The Remote Combat Effects Campaign Medal (RCECM) is a United States Air Force and United States Space Force campaign medal established on 22 May 2019. The medal recognizes air force personnel, "in non-deployed status who directly participated in a U.S. Department of Defense (DoD) combat operation from a remote location.

== Eligibility ==
The RCECM will be awarded to airmen and guardians serving in remotely piloted aircraft, cyber, space and intelligence, surveillance and reconnaissance career fields, who create direct combat effects from remote locations and lead to strategic outcomes or the delivery of lethal force. In some circumstances, airmen and guardians from other career fields may be considered for the RCECM, which will be considered on a case-by-case basis.

Service members may be awarded the RCECM for actions completed on or after 11 September 2001, while also serving under the following conditions:

1. Was assigned or attached to a unit directly in support of a DoD combat operation as approved by the chief of staff of the Air Force (listed below)
2. Was serving in a remotely piloted aircraft; cyber; space or intelligence, surveillance and reconnaissance career field
3. Personally provided hands-on employment of a weapon system that had direct and immediate impact on combat operations
4. Was not physically exposed to hostile actions or at risk of exposure to hostile action

=== Qualifying campaigns ===

Qualifying DoD combat operations:

| Operation | From | To |
|---|---|---|
| Enduring Freedom (OEF) | 11 September 2001 | 28 December 2014 |
| Iraqi Freedom (OIF) | 19 March 2003 | 31 August 2010 |
| Nomad Shadow (ONS) | 5 November 2007 | TBD |
| New Dawn (OND) | 1 September 2010 | 31 December 2011 |
| Inherent Resolve (OIR) | 15 June 2014 | 30 March 2016 |
| Freedom's Sentinel (OFS) | 1 January 2015 | 31 August 2021 |
| Odyssey Lightning (OOL) | 1 August 2016 | 19 December 2016 |
| Operation Pacific Eagle (OPE–P) | 5 October 2017 | TBD |

Eligible personnel will be only awarded one medal upon meeting the initial criteria for the award.

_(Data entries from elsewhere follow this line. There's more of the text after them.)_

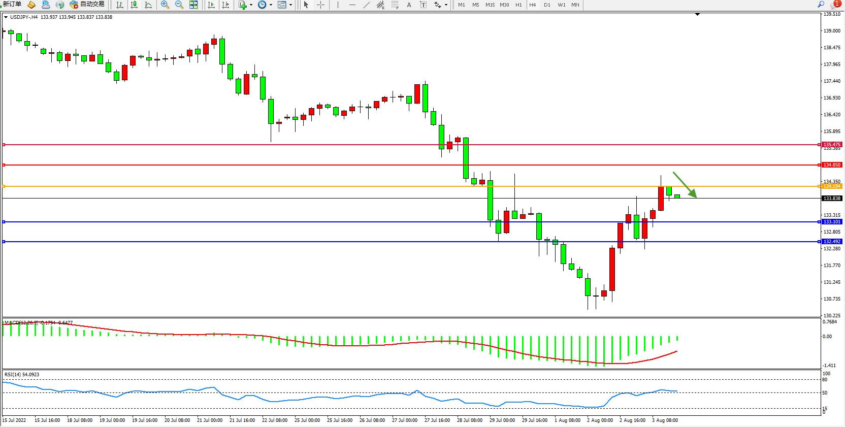 交易策略:134.194下方看跌,目标133.101、132.492
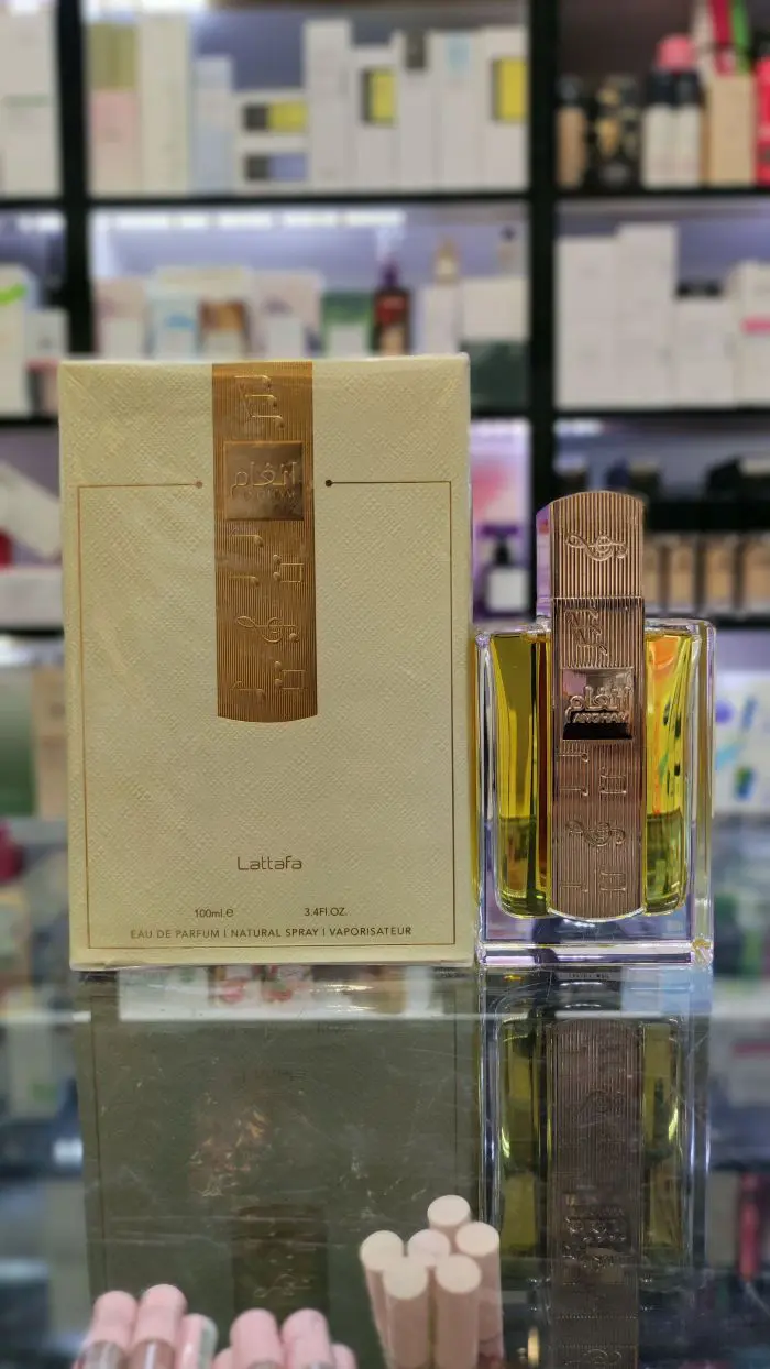 عطر انغام لطافه Lattafa Angham مشابه عطر باربری گادس Burberry Goddess عطری است که با رایحه گرم و شیرین، زنانه و شیک.و در دسته عطر های رایحه های معطر قرار می گیرد. از ویژگی های این عطر رایحه بسیار دلنشین و گرم آن می باشد و در دسته عطر های رایحه های معطر قرار می گیرد. از ترکیبات بکار برده شده در این عطر می توان به وانیل ، اسطوخودوس ، وانیل اشاره کرد.
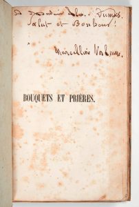 « A Monsieur Alex. Dumas, salut et bonheur ! Marcelline Valmore. »
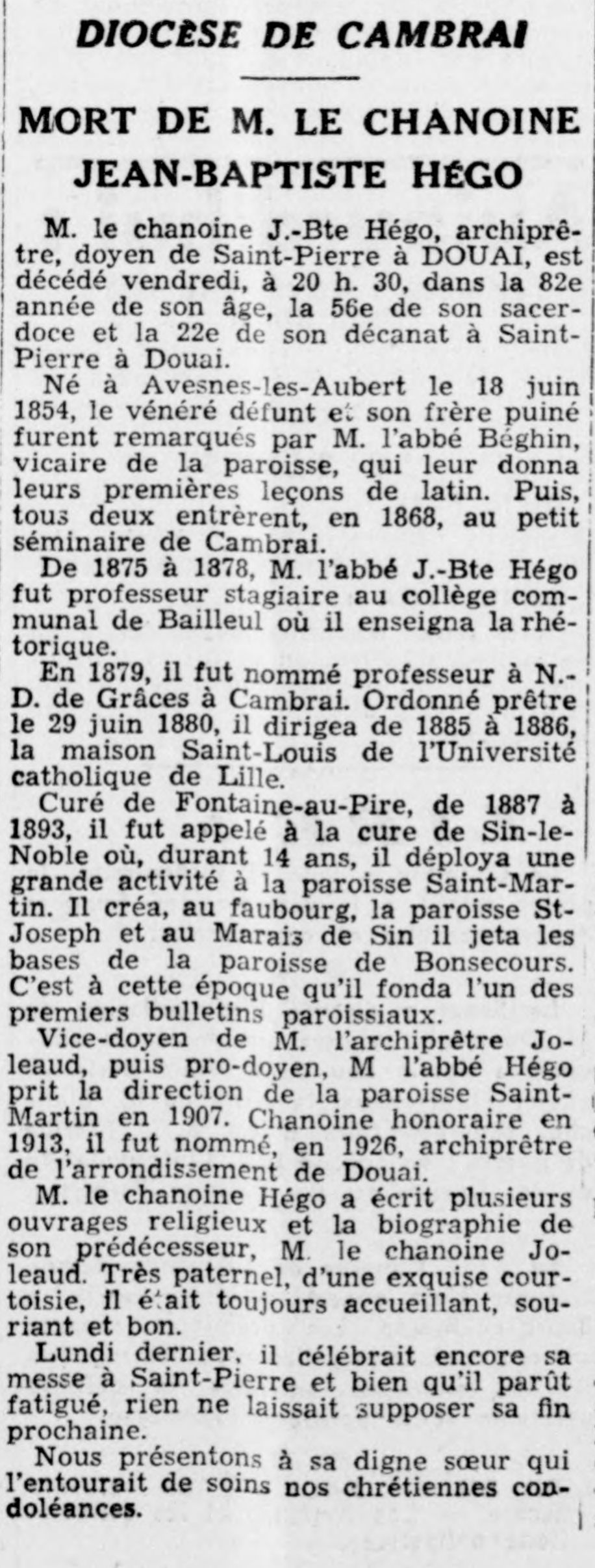 Jean-Baptiste Hégo 1854-1936Mort du chanoine Jean-Baptiste Hégo 07/11/1936Funérailles du chanoine Hégo 08/11/1936L'abbé Marose 22/03/1949
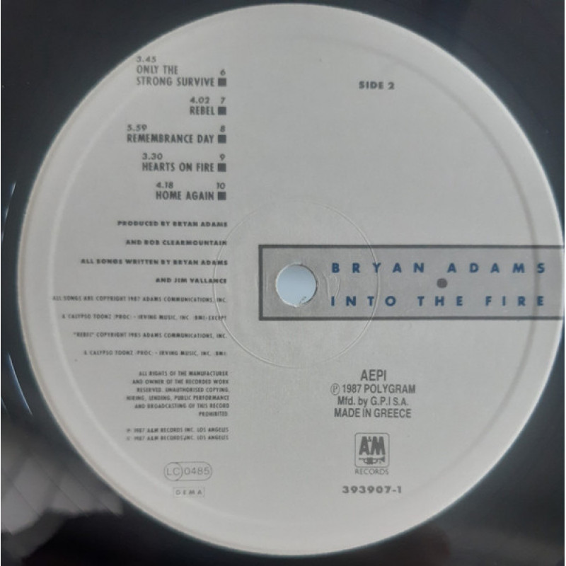 Bryan Adams – Into The Fire [ LP, Album ] 1987 Greece
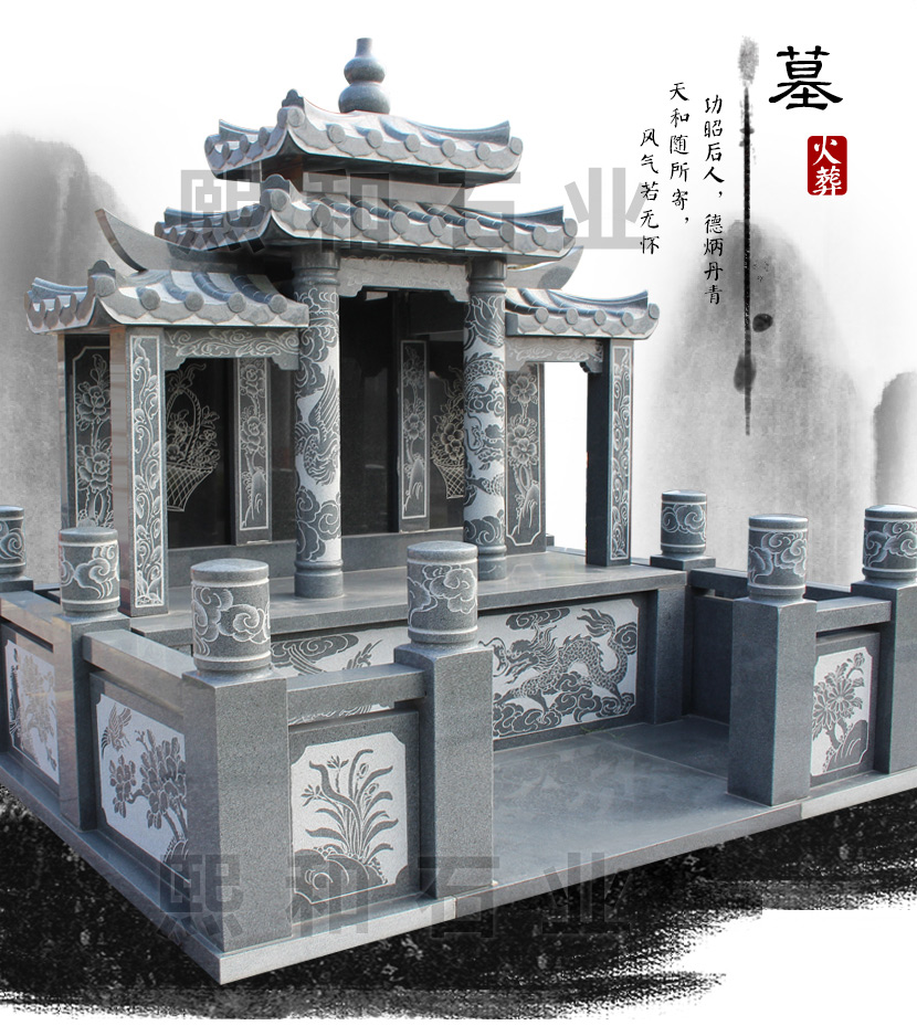 大 致高2米,长2米,宽1.6米墓碑。整体造型设计非常和谐统 一,整体美 观度极佳。瓦盖造型有点像亭子造型,碑柱上均雕刻双龙盘柱造型。当然,这些碑型也是我们结合前人的智慧和客户对于传统文化寄托的需求,不断的深化和优化得到的成果,希望以此给逝者最好的归宿。
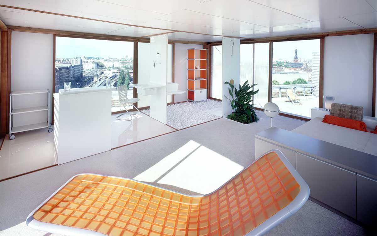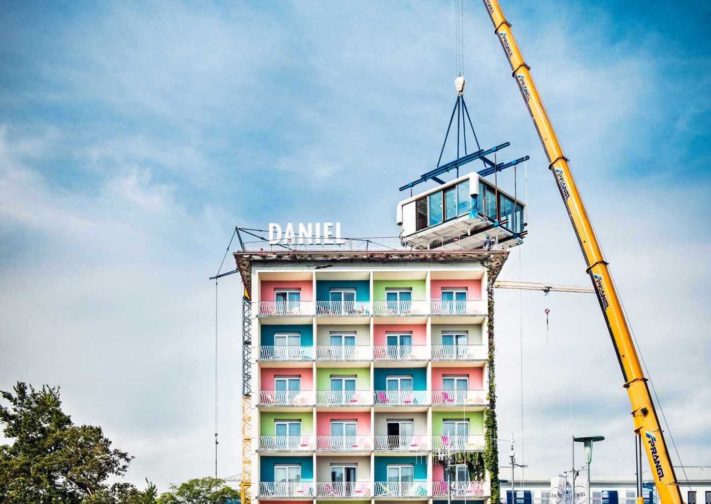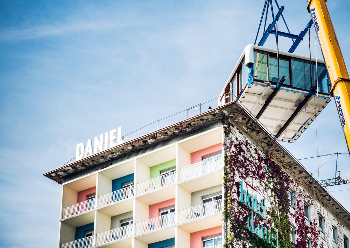One of many Loftcubes by Studio Aisslinger, this design can be found on the rooftop of Hotel Daniel, a mid-century building in Graz, Austria. A complement to the neon balconies below, the contemporary suite is housed in glass, dark wooden slats, and a white rounded-edged frame. The design allows for privacy while opening up panoramic views of the city. Inside, the structure measures just 44 square meters, shy of 145 square feet, yet the open plan fits a bedroom, lounge, and bathroom into the space without making the interior feel cramped. Altogether a calming retreat Hotel Daniel’s Loftcube is a luxurious urban escape.
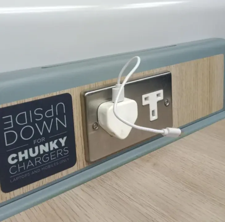 15. นี่เป็นเต้าช่องเสียบที่ชาร์จแบบกลับหัวบนโต๊ะรถไฟที่ป้องกันสายไฟไม่ให้เสียหาย
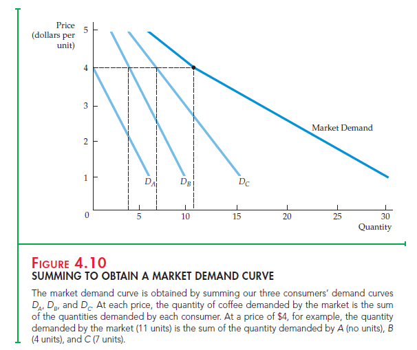Figure 4.10 shows these same three consumers’ demand curves for coffee (labeled DA, DB, and DC). In the graph, the market demand curve is the horizon- tal summation of the demands of each consumer. We sum horizontally to find the total amount that the three consumers will demand at any given price. For

A separate bronze campaign star is worn on the medal suspension or ribbon to recognize each qualifying DoD combat operation in which the personnel participated for one or more days.

== Description ==
The medal bears a bronze color 1 ¼ inch metal disc bearing a starburst. The starburst behind the grid-lined sphere conveys power and the ability to remotely effect the battlefield, anywhere in the world. The delta followed by the contrail portrays the remotely piloted aircraft and weapons systems. The Hap Arnold symbol denotes the U.S. Air Force. The reverse bears a circular inscription, “COMBAT EFFECTS CAMPAIGN” above, and “UNITED STATES AIR FORCE” below, and a “Hap Arnold” symbol above a stacked inscription that reads “REMOTE COMBAT SUPPORT”. A pair of beveled deltas flank the circular inscription.

The ribbon is predominantly blue, with a wide light blue center stripe flanked on either side by a narrow white stripe. The colors represent the U.S. Air Force.